= Mary O. Kryszak =

American politician

Mary Olszewski Kryszak or Kryshak (July 27, 1875 - July 16, 1945) was a schoolteacher, bookkeeper, librarian and editor from Milwaukee, Wisconsin who served seven terms as a Democratic member of the Wisconsin State Assembly.

== Background ==
Born Mary Olszewski in Milwaukee on July 27, 1875, daughter of Constantine Olszewski (a railroad worker) and Rozalia (Martyn) Olszewski. She graduated from St. Mary's Academy and the Spencerian Business College, and later studied at the University of Wisconsin Extension in Milwaukee. She worked as a schoolteacher, music teacher, bookkeeper, librarian, and newspaper writer, including as assistant manager and bookkeeper for the Milwaukee Polish language daily newspaper Nowiny Polskie from 1908 to 1922), while also serving as a housewife and mother of three children. From 1921 to 1939 she was managing editor of the weekly newspaper Glos Polek ([Polish] Women's Voice) of the Zwiazek Polek w Ameryce (Fraternal Polish Women's Alliance of America); she had founded the St. Catherine Society, a local lodge of the Zwiazek, in 1912, and would remain its president until her death.
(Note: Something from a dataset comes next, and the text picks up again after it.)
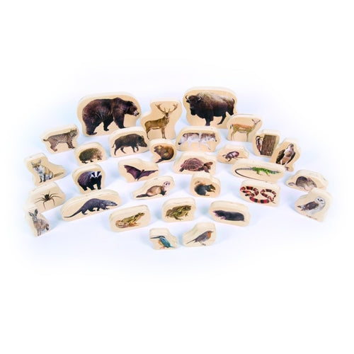 30 double sided wooden blocks with real images of animals from forest and woodland habitats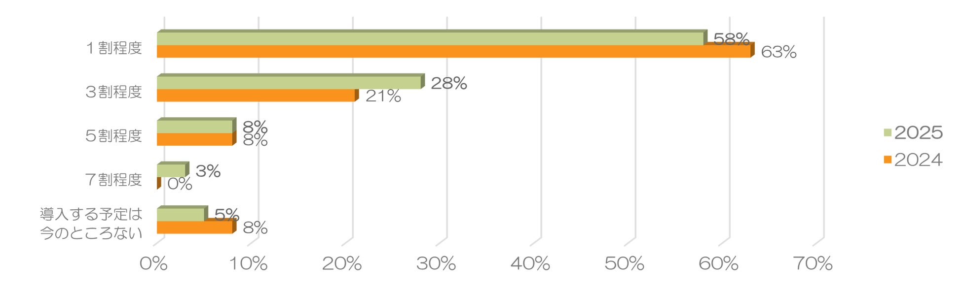 今回のアンケートでは、回答企業の管理部門におけるDX、RPA、AIなどの導入割合は「1割程度」が過半数を占める結果となり、多くの企業がデジタルやAI導入による効率化が途上であることがわかりました。

== First term and national attention ==
In 1928, she unseated Republican State Representative Louis Polewczynski to represent the Eighth Milwaukee County district (the 8th and 14th wards of the City of Milwaukee), taking 3,889 votes to 2,659 for Socialist Nick Wroblewski and 2,239 for the incumbent Polewczynski. She already had three grown children (Leo, Rose and Wanda) "through school and with jobs of their own" when first elected to the Assembly in 1928. Although she had worked as a teacher, bookkeeper, assistant manager and newspaper editor before seeking office, stories in the national press stated that "Mrs. Kryszak 'takes in' hemstitching work at home when not engaged in lawmaking." She was the first woman elected to the legislature from Milwaukee County, and the first female Democrat to be elected to any state office. She was assigned to the standing committees on education and on public welfare.

== Personal life ==
On May 23, 1900, she married Anton L. Kryshak, a cigar maker, whom she later divorced; they had two daughters and one son. At the time of the divorce, she changed the spelling of her name from Kryshak to Kryszak; when first elected to the Assembly, the name change had already taken place.